What an agent actually is
The clearest working definition is Simon Willison’s, distilled in September 2025 after a thousand confused arguments: “An LLM agent runs tools in a loop to achieve a goal.” Three pieces, all load-bearing.
- LLM. The decision-maker. Picks the next tool call, interprets the result, decides when to stop.
- Tools in a loop. Not one call, not one tool — repeated invocations where each result feeds the next decision. This is the part that separates an agent from a glorified function call.
- To achieve a goal. There’s a terminal condition. Without it you have an infinite loop, not an agent.
Lilian Weng’s earlier framing — “Agent = LLM + memory + planning skills + tool use” (June 2023) — adds the two ingredients that the loop sits on top of: memory (the conversation history is the cheapest, and the only one most agents need) and planning (which may be implicit in the loop or explicit as a separate step, see below).
Frame it operationally and the loop is a control structure with five moving parts: the driver (your code) calls the model with the context (prompt + history + tool schemas); the model emits tool calls that the driver executes against a tool surface; results splice back into context; loop. Every word in that sentence has its own engineering decisions. Most production failures are in the driver, not the model.
ReAct: the canonical loop
The pattern that nailed the loop down for LLMs is ReAct (Yao et al., 2022) — Reasoning + Acting. The model alternates three step types:
- Thought. Free-text reasoning about what to do next. The model talks to itself.
- Action. A tool invocation with typed arguments — the structured request covered in the tool-use article.
- Observation. The tool result, fed back into the context for the next thought.
ReAct’s original framing was prompt-only — you few-shot the model with examples of Thought:/Action:/Observation: triples and it learns the rhythm. Modern LLMs internalize this without examples; the prompt-only framing has been absorbed into the post-training data of every frontier model. What ReAct contributed wasn’t a prompt template — it was the insight that explicit reasoning steps between actions sharply improve tool-using accuracy. On HotpotQA the original paper saw the model overcome hallucination by reasoning aloud about what it had observed and what it still needed; on ALFWorld and WebShop the gains over imitation learning were 34 and 10 absolute percentage points respectively.

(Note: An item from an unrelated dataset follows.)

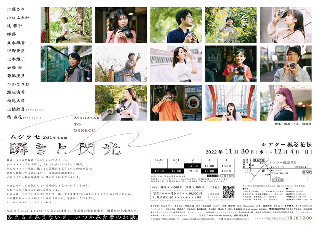 ムシラセ(代表:保坂萌)主催、『瞬きと閃光』が2022年11月30日 (水) 〜2022年12月4日 (日)にシアター風姿花伝(東京都新宿区中落合2-1-10)にて上演されます。チケットはカンフェティ(運営:ロングランプランニング株式会社、東京都新宿区、代表取締役:榑松 大剛)にて10月26日(水)12:00より発売開始です。
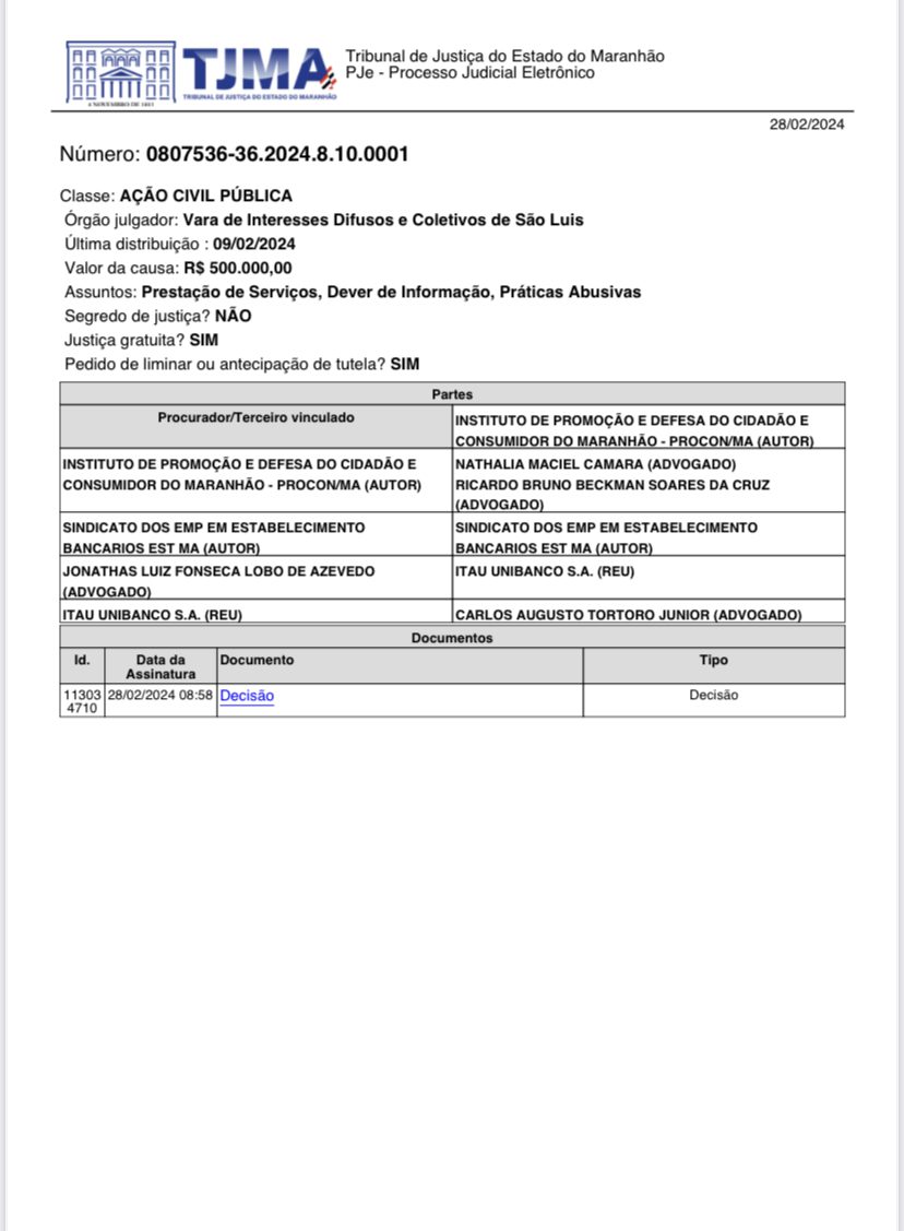O juíz da Barra de Interesses Difusos e Coletivos da Comarca de São Luís, Douglas de Meio Martins deferiu o pedido de tutela de urgência e determinou ao ITAÚ UNIBANCO S.A que se abstenha de fechar agências no Estado do Maranhão e mantenha o funcionamento pleno de todas as suas unidades e agências dos municípios do Maranhão até que seja apresentado um plano transparente de encerramento, que demonstre claramente como a demanda será absorvida sem causar prejuízos aos consumidores.

The mechanical artifact of ReAct in 2026 is the structured assistant turn: a text block containing the thought, followed by one or more tool_use blocks containing the action. Anthropic’s tool-use API bakes this in — the response with stop_reason: "tool_use" is exactly one ReAct iteration. Set extended_thinking and the thought becomes a separate thinking block; the structure is the same. OpenAI’s tool calls have the same shape with different field names.
The distributed-systems parallel
The agent loop maps cleanly onto two distributed-systems primitives, and they explain different failure modes.
The first is leader election. In a Raft cluster, one node is elected leader and serves all writes; followers replicate; on leader failure, a new election picks a successor. The LLM in an agent loop is the leader of a one-node cluster — it issues every decision, every step. The “followers” are the tools: stateful services it consults but does not run. The election analogue shows up in two places. First, when you put a second LLM in the loop (a critic, a planner, a router), you’ve introduced multi-leader semantics and need to decide who breaks ties. Second, the loop’s stopping condition is the equivalent of a leader’s term — without one, the leader never steps down. Most agents are single-leader by construction; multi-agent systems are explicitly multi-leader, with the consensus problem that brings.
The second is the request-reply RPC chain with retries. The driver is an RPC client; every tool call is a typed remote procedure (with the gRPC-with-a-flaky-caller parallel from yesterday); the loop is the chain. The failure modes that beat distributed RPC are the same ones that beat agents: timeouts that aren’t propagated end-to-end, retries that double-fire side effects, cascading failures when one tool degrades and the model keeps hammering it. The mitigations are the same too — wall-clock deadlines on each step, idempotency keys on every mutating tool, circuit breakers on the loop, not just on the tools.
The third parallel, less often noticed but worth naming: continuation-passing style. Each turn of the loop is a CPS frame. The model emits a call and yields; the driver executes the body; the next call to the model is the continuation, with the result spliced into context. The conversation history is a serialized call stack. This framing is what makes conversation compaction hard — you cannot drop a frame from the middle and have the stack still validate; the deep dive on the summarization mechanics is in the context-compression article, and the harness-level orchestration (reactive vs preemptive triggers, cache-aware deletion, circuit breakers) is in the conversation-compaction article.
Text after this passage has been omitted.